Cockroachdb-Specific Remediation in Actix — concrete code fixes

Remediation focuses on removing data-dependent branching and ensuring that operations that reach the database take similar time regardless of input. Below are concrete, idiomatic Actix patterns that address timing risks when interacting with CockroachDB.

Use constant-time comparison for secrets

Replace standard equality checks with a constant-time comparison function. In Rust, the subtle crate provides ConstantTimeEq for this purpose. This ensures that comparing a hash or token does not leak information via timing.

use actix_web::{post, web, HttpResponse};
use sqlx::postgres::PgPoolOptions;
use sqlx::FromRow;
use subtle::ConstantTimeEq;

#[derive(FromRow)]
struct User {
    id: i32,
    password_hash: String,
}

#[post("/login")]
async fn login(
    pool: web::Data<sqlx::PgPool>,
    form: web::Form<LoginForm>,
) -> HttpResponse {
    let user = sqlx::query_as::<_, User>("SELECT id, password_hash FROM users WHERE username = $1")
        .bind(&form.username)
        .fetch_optional(pool.get_ref())
        .await
        .unwrap_or_default();

    // Retrieve the stored hash or a dummy of the same length.
    let stored_hash = user.map(|u| u.password_hash).unwrap_or_else(|| "0".repeat(64));
    // Constant-time comparison regardless of user existence.
    let valid = stored_hash.ct_eq(&form.password).into();

    if valid {
        HttpResponse::Ok().finish()
    } else {
        HttpResponse::Unauthorized().finish()
    }
}

This approach ensures that the comparison always takes the same amount of time, even when the user does not exist, because we substitute a same-length dummy hash when the row is absent.

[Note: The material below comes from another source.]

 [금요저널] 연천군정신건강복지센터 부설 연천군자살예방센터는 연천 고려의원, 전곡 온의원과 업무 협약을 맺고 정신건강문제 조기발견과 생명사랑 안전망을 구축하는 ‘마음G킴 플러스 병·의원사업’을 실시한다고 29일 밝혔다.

Consistent query behavior for existence checks

If you must check existence, perform work that is independent of the secret. Avoid early returns based on row presence when handling sensitive operations. For non-sensitive lookups, you can still use standard queries, but for authentication, prefer the constant-time pattern above.

Avoid branching on sensitive database-derived values

Do not branch logic based on whether a row was found when that row contains secrets. Instead, unify the code path so that the same operations execute for valid and invalid users, differing only in the final comparison result.

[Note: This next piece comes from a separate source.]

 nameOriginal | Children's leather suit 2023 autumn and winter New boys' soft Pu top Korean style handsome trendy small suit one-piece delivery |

Use parameterized queries and prepared statements

Always use SQLx’s parameterized queries to avoid injection and ensure stable execution paths. CockroachDB benefits from prepared statement caching, and using placeholders keeps query planning consistent.

let user: Option<User> = sqlx::query_as(
        "SELECT id, password_hash FROM users WHERE username = $1",
    )
    .bind(username)
    .fetch_optional(pool.get_ref())
    .await?;

Consider server-side delays only as a last resort

While adding artificial delays can obscure timing differences, it is fragile and can harm availability. Prefer fixing the application logic to remove data-dependent timing variation. middleBrick’s scans can highlight inconsistent response patterns that suggest timing risks, but remediation must be implemented in code.

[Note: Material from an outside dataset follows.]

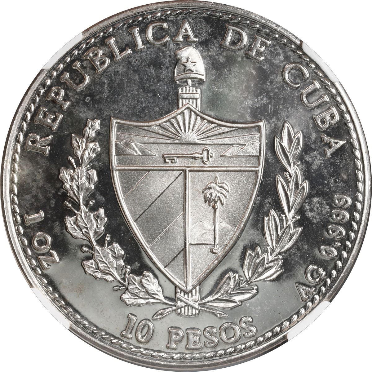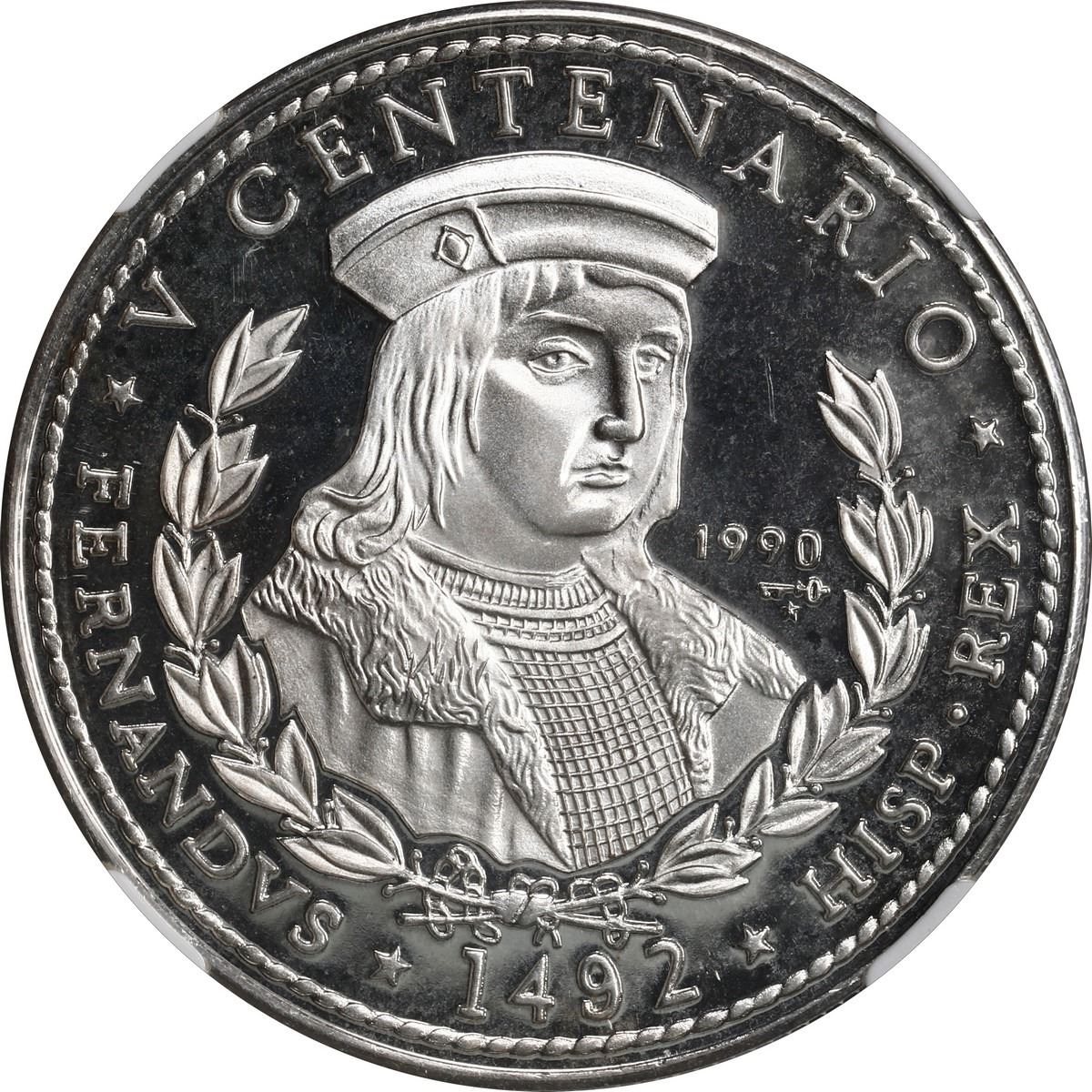 CUBA, Havana mint, proof 10 pesos, 1990, King Ferdinand / 5th Centennial of the Discovery of America, NGC PF 66 Ultra Cameo, ex-Busto. KM-263. Mintage of only 5,000 coins. Gem proof with frosty design and deep mirror fields. Pedigreed to the José Busto Collection.

Frequently Asked Questions

Can a timing attack reveal valid usernames even when the API always returns 401?
Yes. If the server performs a database lookup and a comparison only when the username exists, the extra processing time can make responses for valid usernames measurably longer, enabling username enumeration despite uniform error responses.
Does using an ORM or query builder prevent timing attacks with CockroachDB in Actix?
Not by itself. ORMs can still produce data-dependent branches if the application compares secrets after fetching rows. Use constant-time comparison and avoid branching on sensitive values regardless of the query layer.